(Stored items)
■ ■ ■

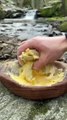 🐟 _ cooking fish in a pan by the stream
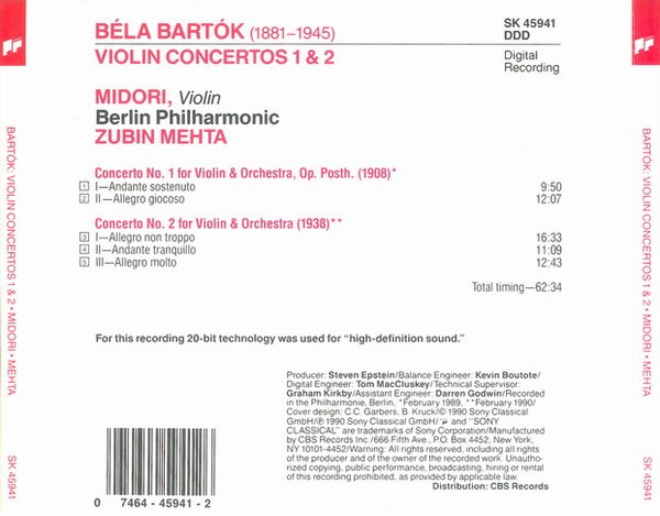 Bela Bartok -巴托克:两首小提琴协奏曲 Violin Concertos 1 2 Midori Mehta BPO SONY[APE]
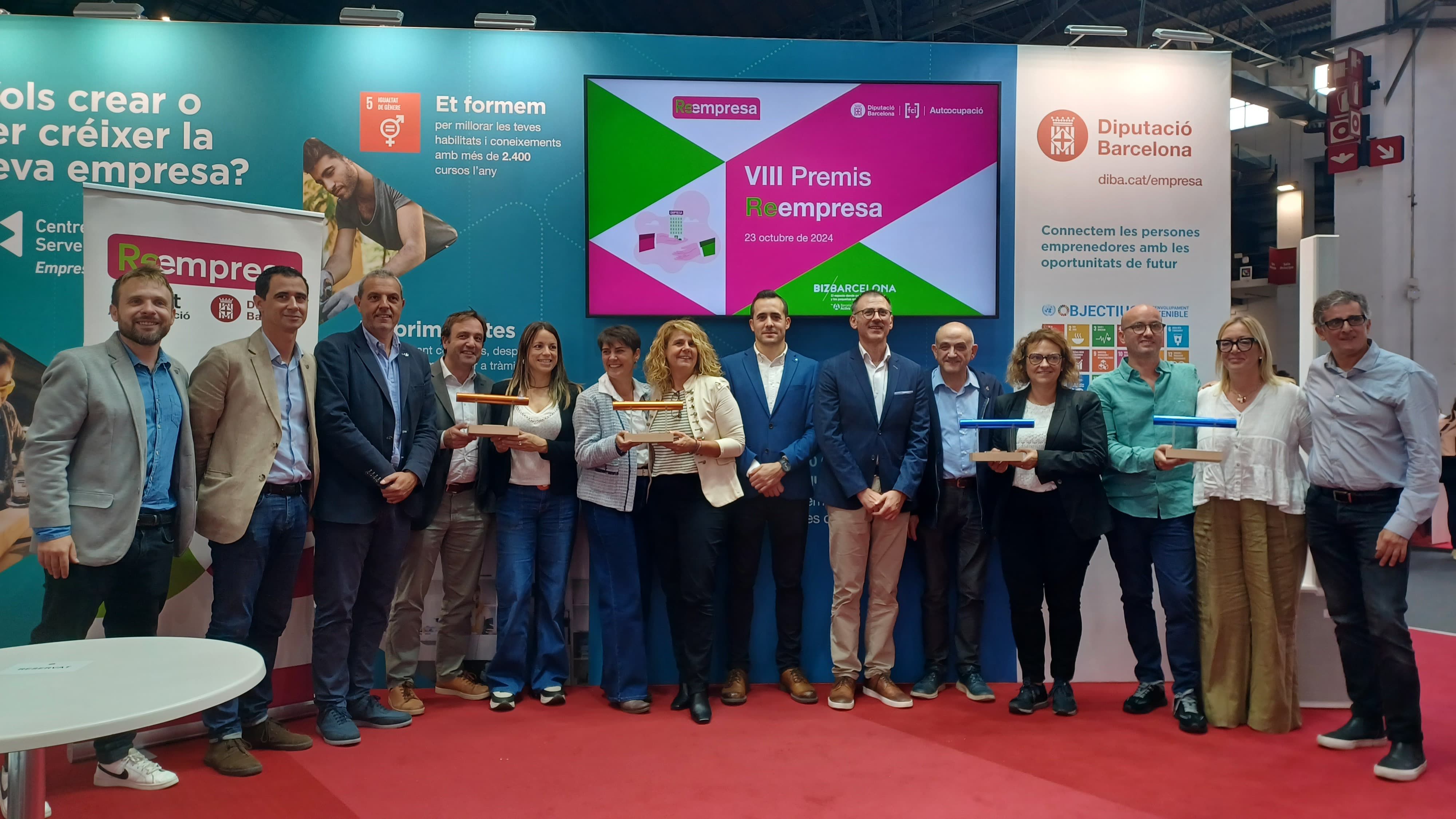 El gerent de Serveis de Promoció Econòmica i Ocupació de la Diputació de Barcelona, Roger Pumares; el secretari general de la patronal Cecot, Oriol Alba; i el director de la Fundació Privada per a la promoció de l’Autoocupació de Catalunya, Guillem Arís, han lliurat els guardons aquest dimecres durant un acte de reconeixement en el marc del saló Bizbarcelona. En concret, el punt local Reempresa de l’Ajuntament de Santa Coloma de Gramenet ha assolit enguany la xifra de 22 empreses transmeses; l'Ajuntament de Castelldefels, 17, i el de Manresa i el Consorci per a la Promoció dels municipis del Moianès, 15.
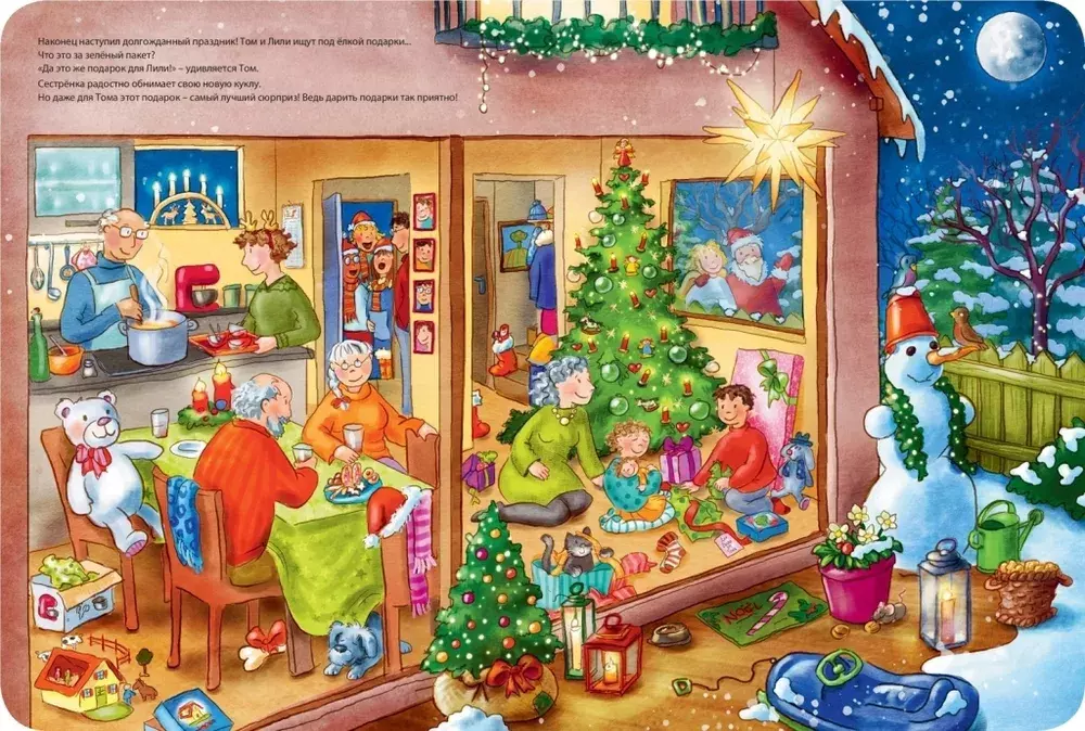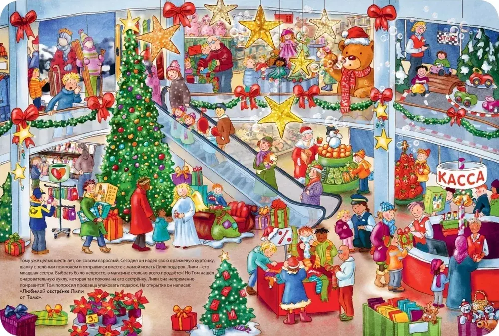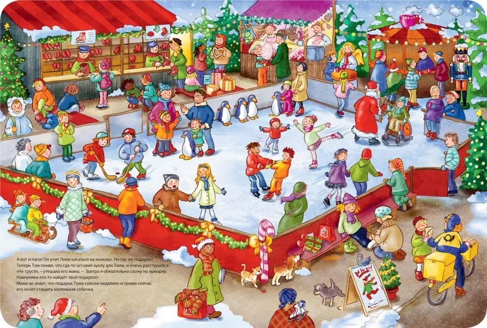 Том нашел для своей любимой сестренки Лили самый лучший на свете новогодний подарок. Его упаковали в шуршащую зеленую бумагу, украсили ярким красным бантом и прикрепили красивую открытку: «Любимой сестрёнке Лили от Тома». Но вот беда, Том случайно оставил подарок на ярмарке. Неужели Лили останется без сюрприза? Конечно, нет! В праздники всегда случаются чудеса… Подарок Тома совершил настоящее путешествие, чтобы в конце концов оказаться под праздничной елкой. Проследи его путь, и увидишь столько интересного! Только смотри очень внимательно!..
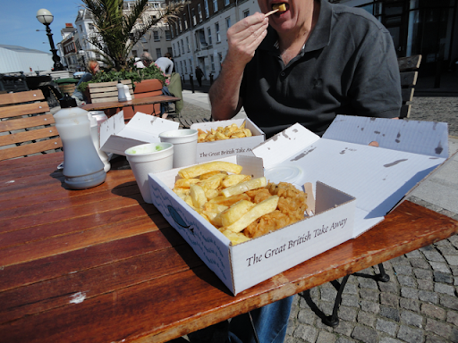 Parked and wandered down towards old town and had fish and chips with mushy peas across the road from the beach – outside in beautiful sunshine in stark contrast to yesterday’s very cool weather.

■ ■ ■

* [Task instructions]: The records above are to be copied exactly, without their pictures.

* [Finished task]:
 🐟 _ cooking fish in a pan by the stream
 Bela Bartok -巴托克:两首小提琴协奏曲 Violin Concertos 1 2 Midori Mehta BPO SONY[APE]
 El gerent de Serveis de Promoció Econòmica i Ocupació de la Diputació de Barcelona, Roger Pumares; el secretari general de la patronal Cecot, Oriol Alba; i el director de la Fundació Privada per a la promoció de l’Autoocupació de Catalunya, Guillem Arís, han lliurat els guardons aquest dimecres durant un acte de reconeixement en el marc del saló Bizbarcelona. En concret, el punt local Reempresa de l’Ajuntament de Santa Coloma de Gramenet ha assolit enguany la xifra de 22 empreses transmeses; l'Ajuntament de Castelldefels, 17, i el de Manresa i el Consorci per a la Promoció dels municipis del Moianès, 15.
 Том нашел для своей любимой сестренки Лили самый лучший на свете новогодний подарок. Его упаковали в шуршащую зеленую бумагу, украсили ярким красным бантом и прикрепили красивую открытку: «Любимой сестрёнке Лили от Тома». Но вот беда, Том случайно оставил подарок на ярмарке. Неужели Лили останется без сюрприза? Конечно, нет! В праздники всегда случаются чудеса… Подарок Тома совершил настоящее путешествие, чтобы в конце концов оказаться под праздничной елкой. Проследи его путь, и увидишь столько интересного! Только смотри очень внимательно!..
 Parked and wandered down towards old town and had fish and chips with mushy peas across the road from the beach – outside in beautiful sunshine in stark contrast to yesterday’s very cool weather.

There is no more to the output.